Designing a Diphone Inventory for Bishnupriya Manipuri

Core and extended diphone design for a low-resource TTS system

Part of the Bishnupriya Manipuri speech technology series

Author: Uttam Singha

Publication Information

First EditionWeb EditionVersion 1.0

Status	First Edition
Edition	Web Edition
Version	1.0
Published	2026-03-10
Last Revised	2026-03-10
Citation Note	Cite by chapter title, archive title, edition, and year.
License / Use	Academic and non-commercial use with attribution.

Abstract. A diphone inventory is the core audio resource of a diphone-based text-to-speech system. Instead of recording every word in a language, a diphone system stores transitions between adjacent phonemes and reconstructs speech by concatenating those transitions. This article explains how to design a practical diphone inventory for Bishnupriya Manipuri, how to reduce unnecessary combinations, how to create stable safe filenames, and how to build a reusable recording strategy for a low-resource language TTS system.

1. Introduction

A diphone is a speech unit that spans the transition from the middle of one phoneme to the middle of the next phoneme.

In a diphone-based TTS system, words are not normally stored as complete recordings. Instead, words are assembled from smaller reusable audio units.

Text
  ↓
IPA
  ↓
Phoneme sequence
  ↓
Diphone sequence
  ↓
Audio concatenation
  ↓
Speech output

This method is especially useful for Bishnupriya Manipuri because:

the language has limited speech technology resources
a full word-level synthesis library would be too large
a diphone inventory can cover many words efficiently
the system can be built incrementally

2. What Is a Diphone?

A diphone represents the transition between two adjacent phonemes.

Example word: কথা
IPA: kɔtʰa
Phonemes:

k ɔ tʰ a

Diphones:

#-k
k-ɔ
ɔ-tʰ
tʰ-a
a-#

The boundary symbol # represents the beginning or end of a word. In filenames, this boundary is often converted into a safe symbol such as sil.

3. Why Use Diphones?

The main advantages of a diphone system are:

small audio database compared with full-word synthesis
reuse of the same transitions across many words
good balance between quality and engineering simplicity
practical for low-resource language projects

A diphone system usually sounds more natural than isolated phoneme concatenation because it preserves the transition between adjacent sounds.

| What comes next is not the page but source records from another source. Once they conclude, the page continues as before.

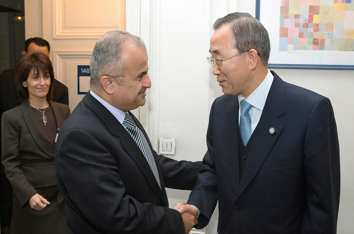 Secretary-General Ban Ki-moon (right) meets Abdelelah Al-Khatib, Foreign Minister of Jordan in Paris, France, where Mr. Ban is attending the International Conference on Support for Reconstruction and Development of Lebanon.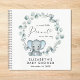 Ein niedliches Gästebuch für Ihre Babydusche mit dem Titel "A Sweet Little Peanut Is On Your Way", das in einer Mischung aus moderner Typografie und einer stilvollen Schrift geschrieben wurde, und einer Aquarellfarbe eines pastellblauen Babyelefanten in einem Kranz aus Eukalyptusgrün. Personalisieren Sie sich mit dem Namen der Mutter und dem Duschdatum.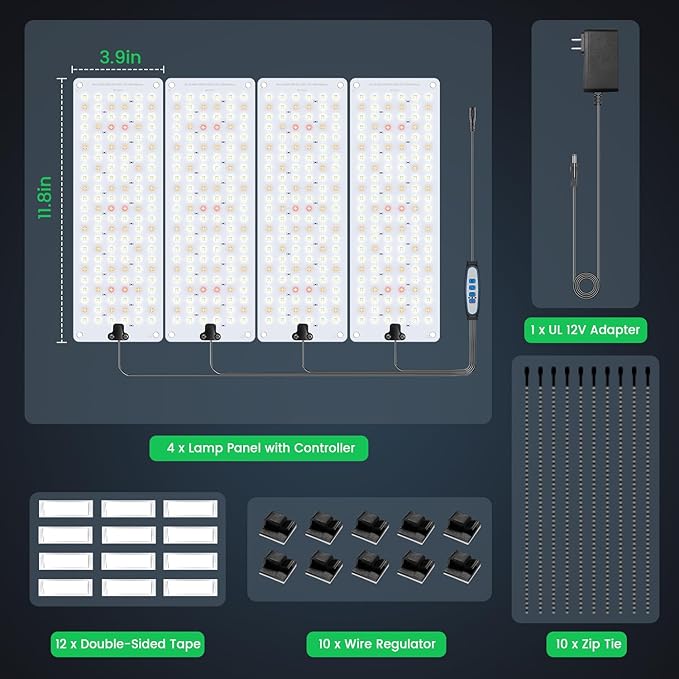 - [Full Spectrum]: This 4Panel full spectrum grow lights have 552 LEDs. emitting wavelengths from 380nm to 800nm, the spectrum is similar to natural light with higher PAR output. 3 Spectrums: 6000K Cool White, 3500K Warm Light, 5000K Full Spectrum. Suitable for all plants at all stages of growth

4. From Phoneme Inventory to Diphone Inventory

A diphone inventory is derived from the phoneme inventory of the language.

If a language contains N phonemes, then the theoretical maximum number of diphones is:

N × N

However, many of these combinations do not occur in actual words. Therefore, a practical diphone inventory must be built from real lexical data.

For example, if a practical Bishnupriya Manipuri inventory uses around 30 phonemes, the theoretical maximum is 900 diphones, but the real usable inventory may only require about 200–300.

5. Types of Diphones

A well-designed diphone inventory should include several structural categories.

5.1 Boundary-to-phoneme

#-k
#-g
#-a
#-i

These represent word-initial sounds.

5.2 Phoneme-to-boundary

a-#
n-#
r-#

These represent word-final sounds.

5.3 Consonant-to-vowel

k-a
g-i
t-u

These are among the most frequent and important diphones.

5.4 Vowel-to-consonant

a-k
i-n
ɔ-r

These are also essential because syllables often close with consonants.

5.5 Consonant-to-consonant

g-n
k-s
n-t
r-k

These are required for clusters and Sanskritic forms.

5.6 Vowel-to-vowel

a-i
a-u
i-o

These are needed for words containing vowel sequences, diphthong-like structures, or morpheme junctions.

6. Core vs Extended Diphone Inventory

For practical TTS development, the diphone inventory should be built in phases.

6.1 Core inventory

This layer covers the most common words and phonotactic structures.

boundary diphones
common consonant-vowel combinations
common vowel-consonant combinations
high-frequency vowel-vowel transitions

Target size:

180–220 diphones

6.2 Extended inventory

This layer adds:

rare clusters
learned Sanskrit forms
borrowed words
less frequent consonant transitions

Target size:

250–320 diphones

6.3 Rare and exceptional inventory

This layer should be added only after the core system is stable.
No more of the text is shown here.